# Scoring model performance with the solaris python API¶

This tutorial describes how to run evaluation of a proposal (CSV or .geojson) for a single chip against a ground truth (CSV or .geojson) for the same chip.

## CSV Eval¶

### Steps¶

1. Imports

4. Perform evaluation

### Imports¶

For this test case we will use the eval submodule within solaris.

[1]:

# imports
import os
import solaris as sol
from solaris.data import data_dir
import pandas as pd  # just for visualizing the outputs



We will first instantiate an Evaluator() object, which is the core class eval uses for comparing predicted labels to ground truth labels. Evaluator() takes one argument - the path to the CSV or .geojson ground truth label object. It can alternatively accept a pre-loaded GeoDataFrame of ground truth label geometries.

[4]:

ground_truth_path = os.path.join(data_dir, 'sample_truth.csv')
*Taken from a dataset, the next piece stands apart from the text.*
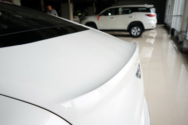 冰川白外观 黑色内饰 白色对比色刺绣。

evaluator = sol.eval.base.Evaluator(ground_truth_path)
evaluator

[4]:

Evaluator sample_truth.csv


At this point, evaluator has the following attributes:

• ground_truth_fname: the filename corresponding to the ground truth data. This is simply 'GeoDataFrame' if a GDF was passed during instantiation.
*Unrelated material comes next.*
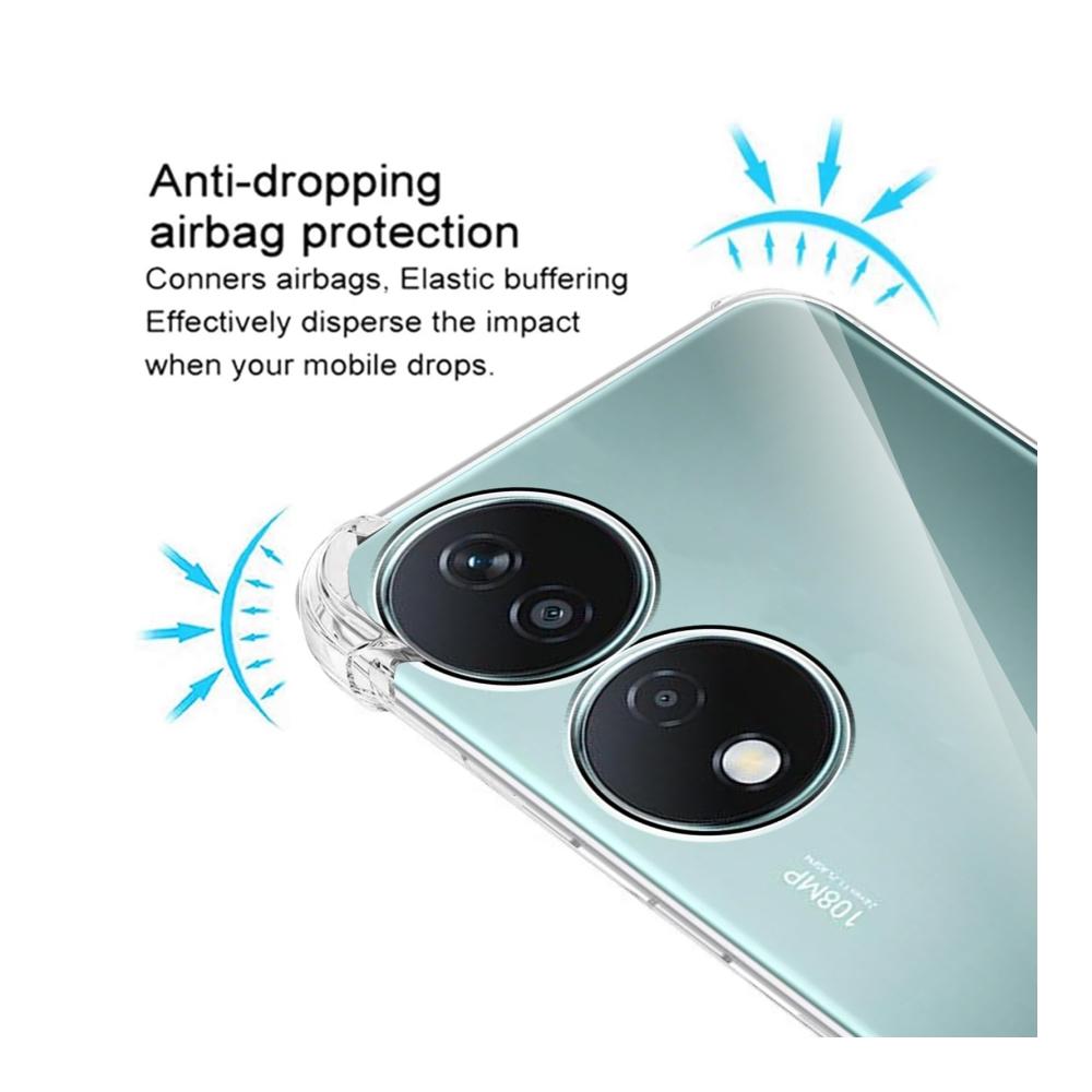 Stoßschutz: Verstärkte Silikonairbags an 4 Ecken reduzieren Schäden an Ihrem Telefon durch versehentliches Herunterfallen und bieten zusätzlichen Stoßschutz für Ihren Honor X7b. Das Design mit erhöhter Kante schützt Bildschirm und Kamera vor Kratzern.

• ground_truth_GDF: GeoDataFrame-formatted geometries for the ground truth polygon labels.

• ground_truth_GDF_Edit: A deep copy of eval_object.ground_truth_GDF which is edited during the process of matching ground truth label polygons to proposals.
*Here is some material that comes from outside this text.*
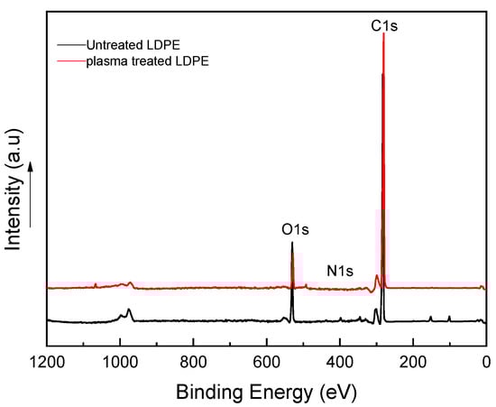 X-ray photoelectron spectroscopy (XPS) spectra for treated and untreated LDPE samples.

• ground_truth_sindex: The RTree/libspatialindex spatial index for rapid spatial referencing.

• proposal_GDF: An empty GeoDataFrame instantiated to hold proposals later.

Next we will load in the proposal CSV file. Note that the proposalCSV flag must be set to true for CSV data. If the CSV contains confidence column(s) that indicate confidence in proprosals, the name(s) of the column(s) should be passed as a list of strings with the conf_field_list argument; because no such column exists in this case, we will simply pass conf_field_list=[]. There are additional arguments available (see the method documentation) which can be used for multi-class problems; those will be covered in another recipe. The defaults suffice for single-class problems.

[5]:

proposals_path = os.path.join(data_dir, 'sample_preds.csv')


### Perform evaluation¶

Evaluation iteratively steps through the proposal polygons in eval_object.proposal_GDF and determines if any of the polygons in eval_object.ground_truth_GDF_Edit have IoU overlap > miniou (see the method documentation) with that proposed polygon. If one does, that proposal polygon is scored as a true positive. The matched ground truth polygon with the highest IoU (in case multiple had IoU > miniou) is removed from eval_object.ground_truth_GDF_Edit so it cannot be matched against another proposal. If no ground truth polygon matches with IoU > miniou, that proposal polygon is scored as a false positive. After iterating through all proposal polygons, any remaining ground truth polygons in eval_object.ground_truth_GDF_Edit are scored as false negatives.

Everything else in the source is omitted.